Доля ангелов (сборник) - страница 7



Про операцию я узнал год спустя, когда Люба, по страшному секрету, взяв с меня клятву о том, что я никому ничего не расскажу, показала мне шрам. Мы тогда сторожили с ней кукурузу, в Николаевке. Почему она выбрала именно меня, я не знаю. Хотя… может быть, дело в возрасте? Ей было уже почти четырнадцать, а мне – десять. Юрчику же с Наташкой – по восемь. И хотя вся наша ночная работа была скорее развлечением, но брать младших с собой… А вдруг они просто испугаются и заревут, затребуют домой?

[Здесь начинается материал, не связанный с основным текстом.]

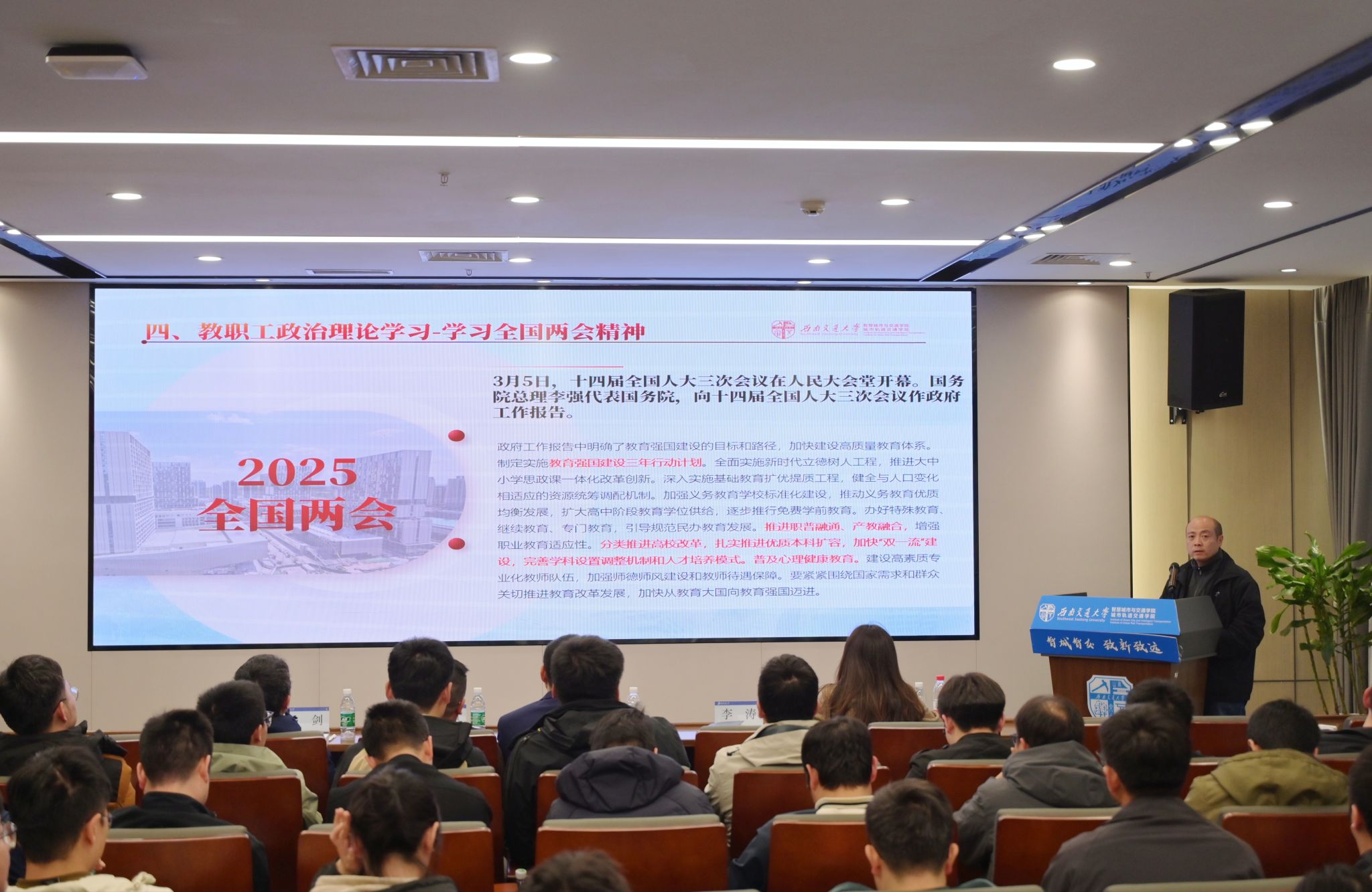 开展教职工政治理论学习。李涛领学全国两会精神、学校2025年全面从严治党工作要点、贯彻中央八项规定精神学习教育精神、科研诚信与保密工作。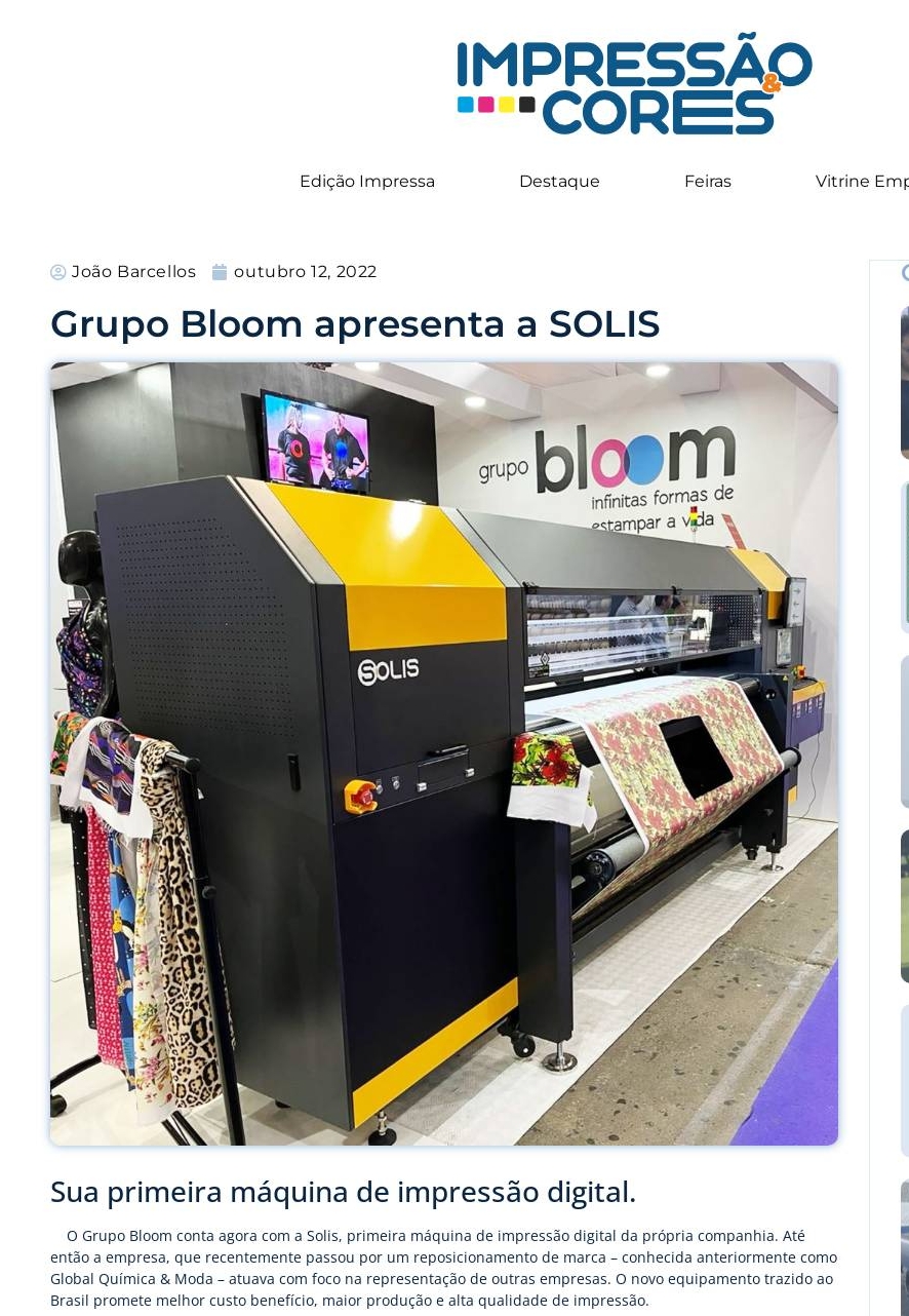 Grupo Bloom apresenta a Solis, sua primeira máquina de impressão digital

Наш чулан стоял на самой середине поля, и до бабы-Валиного дома было где-то с километр по этим джунглям, среди вымахавших уже под два метра стеблей, и ночью, когда луна плыла над самыми нашими головами, казалось, что сторожка наша стоит на самом краю земли, и дальше нет ничего. Только тьма, только тишина. И мир, теряя там самоё себя, обретал в материи новое: эту тишину и эту тьму, становившиеся веществом ночи. Ну и как бы мы их вели тогда домой? Да там заблудиться-то – раз плюнуть. Даже для такой взрослой девушки, как Люба.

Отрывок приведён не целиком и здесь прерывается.